Предложение было принято. Надя видела, что я поникшая, и в таком состоянии мне будет трудно знакомиться с новенькими. Голова моя забита предстоящим разговором с мужем, а после ещё надо собраться и пойти в Пушкинский (Александринский) театр на вечер, посвящённый Николаю Симонову.
Этот вечер, где будут чтить память великого трагика Александринки, я пропустить никак не могу. Бабушка мне рассказала, что будут показывать кадры из спектакля «Перед заходом солнца», который, к счастью, успели снять на плёнку. Я очень хорошо помню этот спектакль. В третьем действии Симонов сидел в кресле, завёрнутый в клетчатый плед, и слушал, что говорят ему его взрослые дети. А весь зал смотрел на его руки, и никаких слов не надо было: все чувства были высказаны через его руки. С тех пор прошло восемь лет, в последний раз Симонов вышел на сцену с этим спектаклем в 1972 году.
Как-то так сложилось, что и разговор с Игорем я наметила на сегодня. И вечер в театре сегодня. А почему я себе навертела такие планы? Наверное, специально. С разговором я тянуть не хочу, а после, в театре, отвлекусь, забудусь. Будем сидеть с бабушкой в партере, я буду держать её за руку, и все неприятности улетучатся.
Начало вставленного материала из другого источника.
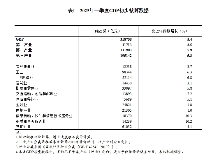 09:38【国家统计局:初步核算一季度国内生产总值同比增长5.4%】国家统计局发布2025年一季度国内生产总值初步核算结果,初步核算一季度国内生产总值同比增长5.4%。其中我国第一产业同比增长3.5%,第二产业同比增长5.9%,第三产业同比增长5.3%。

Вошла в квартиру и взглядом сразу наткнулась на Игоря. Сидит угрюмый, в нелепой растянутой майке и пижамных штанах. Волосы длинные, тонкие и жирные, висят сосульками. Вот если бы он был женщиной, то точно бы встречал мужа в бигуди и в засаленном халате. Конечно, если подумать, может быть, и я виновата, что у него такой непривлекательный вид. А я и не хочу ничего менять, пусть одевается как умеет. Весь его вид не допускает мысли о сексе с ним…
А ведь случилось. Через несколько дней после моего возвращения из Ялты я с Игорем переспала. Захотелось сравнить, а вдруг мне с Игорем станет так же хорошо, как тогда в Ялте с Ильёй. Я ведь вернулась другая – чувственная, открытая. Но нет, не было той щедрости чувств, безумия, изнеможения от безмерного зноя. Какой зной? Ни жары, ни даже тепла. Я почувствовала, как обесчестила сама себя. И меня тогда в первый раз замутило, сразу после нашей близости.
Потом нежные взгляды Игоря встречали мою неизменную холодность, а на его ласковые слова я отвечала злыми колкостями. Моя бездушная придирчивость была некрасивой. Я металась, как зверёк в ловушке. И ещё каждое утро меня начала изматывать тошнота.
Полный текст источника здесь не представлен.